Rauchende Katzen Wladimir Kaminer liest im Kurhaus Bad Rothenfelde

Seine Bücher begreift Wladimir Kaminer bei der Lesung in Bad Rothenfelde nur als losen roten Faden. Foto: Egmont SeilerSeine Bücher begreift Wladimir Kaminer bei der Lesung in Bad Rothenfelde nur als losen roten Faden. Foto: Egmont Seiler

mka Bad Rothenfelde. Wladimir Kaminer braucht nicht viel, um sein Publikum zu begeistern. Gelassen steht er hinter dem Mikrofon auf der Bühne im Kurhaus Bad Rothenfelde, nippt ab und an mal an seinem Glas Wasser und widmet sich ansonsten voll und ganz den Zuschauern und seinen Geschichten. Den Sessel auf der Bühne rührt er nicht einmal an.

Die Lesung des deutschen Schriftstellers gleicht einer Stand-up-Comedy: Mit Charme, Spontaneität und Witz überzeugt der Autor russischer Herkunft sein Publikum und lässt es mit humorvollen Erzählungen aus dem Alltag in sein Leben eintauchen.

Kaminer , bekannt geworden durch sein Erstlingswerk Russendisko , schreibt und erzählt von allem, was er „so vor Augen habe“, wie er selbst sagt. Die Pubertät seiner Kinder ist für ihn da natürlich ein gefundenes Fressen – und beim Publikum ein außerordentlich beliebtes Thema. Doch Kaminer geht an die Sache ganz entspannt heran. „Was ich nicht weiß, macht mich nicht heiß“, lautet sein Erziehungsmotto. Wenn dann allerdings die Katzen, wie es die Kinder berichten, die 50 Kilo schwere Topfpflanze durch die Wohnung rollen, den Cognac-Vorrat plündern und seine Zigarren aufrauchen, kommen auch bei dem sonst so gelassenen Familienvater Zweifel auf.

Mal liest der Schriftsteller aus seinem aktuellen Buch „Coole Eltern leben länger“ , mal einfach aus einer Ansammlung zusammengetackerter Zettel. Immer wieder schweift er von seinen Erzählungen ab, schmückt sie mit aktuellen Anekdoten aus und bietet den Zuschauern statt eines durchgeplanten Programms einfach das, worauf er gerade Lust hat. Wie die Geschichte über seinen 15-jährigen Sohn, der mit seiner Suche nach der großen Liebe die Telefonrechnung der ganzen Familie auf die Spitze treibt. Kaminer: „Früher fragten wir nach der Religion, heute nach dem Telefonanbieter.“ Doch auch der Wechsel zu Vodafone nützte am Ende nichts. Denn plötzlich stand E-Plus ganz oben auf der Rechnung. „Die Liebe hatte den Anbieter gewechselt“, resignierte der Familienvater.
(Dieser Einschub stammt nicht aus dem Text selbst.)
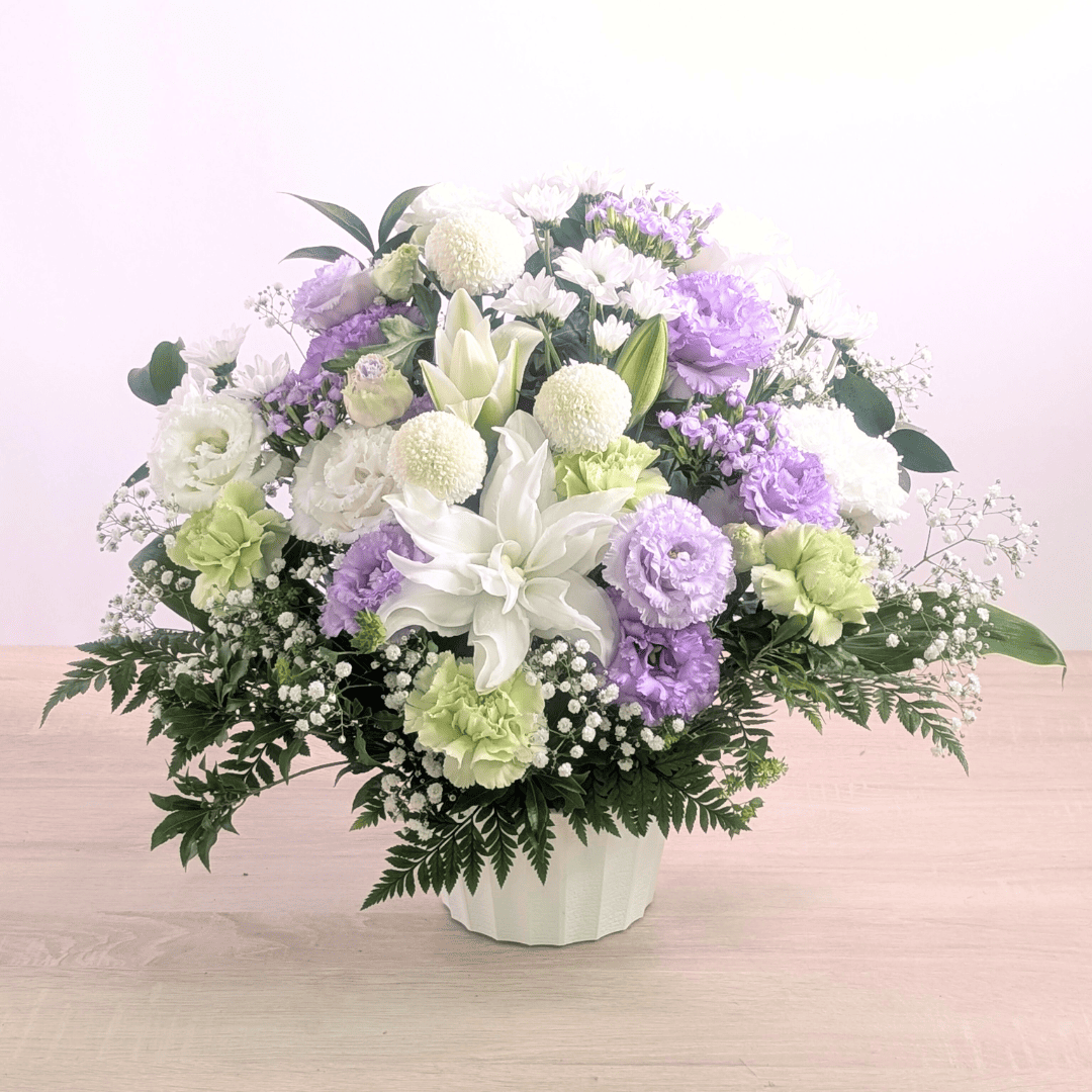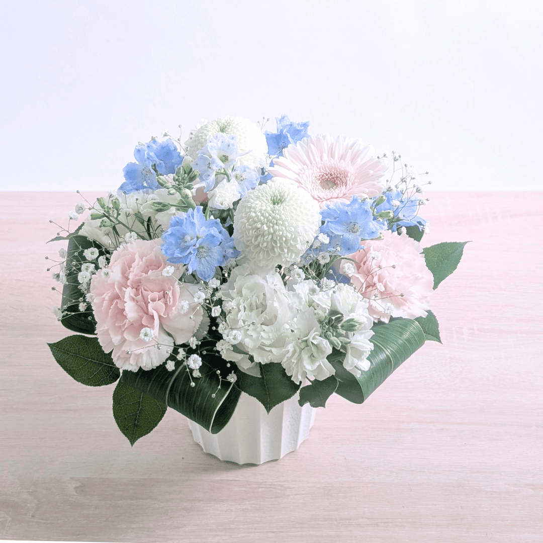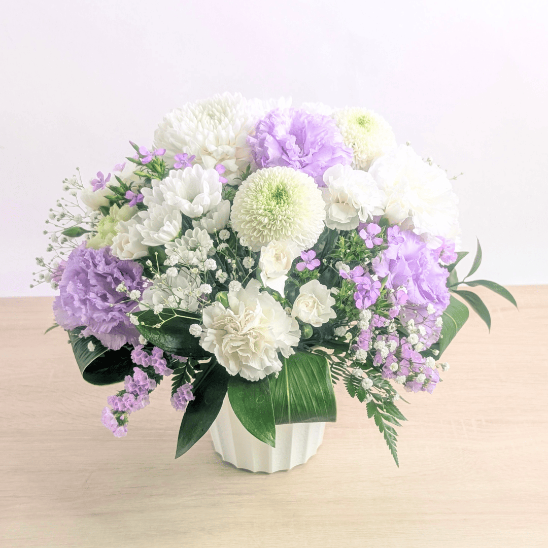 月命日は毎月の命日、祥月命日は年に一度の命日です。色は白〜淡色が基本で、白+グリーンはどのご家庭・宗派にも配慮しやすい無難な配色。 一周忌以降は淡い紫・水色・ピンクなど落ち着いた差し色も選ばれます。置きやすい低めアレンジや、花器不要の花束(そのまま飾れるタイプ)が実用的です。
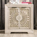 View full detailsThis night stand is a definite showstopper. An etched wooden sunburst pattern serves as the focus, grabbing everyone's attention. What keeps the fl...

Ab und an müssen auch seine Nachbarn, „die Schwaben“, dran glauben. „Sie sind die disziplinierende Wurzel unseres Hauses“, betont Kaminer. Sie wissen über alles und jeden Bescheid, schauen ungeniert in fremde Einkaufstüten und helfen sogar dann noch aus, wenn unerwartet „hungrige, durstige, laute und freche Freunde aus St. Petersburg“ bei den Kaminers auf der Matte stehen. Mitten in der Nacht klopfte die Nachbarin also mit Kuchen an der Haustür und bemerkte: „Kann es sein, dass Sie auf den Besuch nicht vorbereitet waren? Wir haben gesehen, Sie waren doch das letzte Mal vor drei Tagen einkaufen…“ Zufrieden waren die unerwarteten Besucher aber auch nach dem Kuchen noch nicht. „Stattdessen fragten sie mich, ob ich nicht nach Wodka hätte fragen können“, berichtete der Berliner verschmitzt.

Mehr als zwei Stunden gelingt es Wladimir Kaminer, seine Erzählungen mit spontanen Einschüben, bewussten Pointierungen und gekonnten Stimmwechseln lebendig werden zu lassen. „Seine Geschichten, seine Art des Vortrags – Kaminer schafft es immer, dass ich mindestens einmal während seiner Lesung zu Tränen gerührt bin“, resümiert am Ende auch ein weiblicher Fan aus Georgsmarienhütte und spricht damit wohl vielen der knapp 300 Gästen aus der Seele.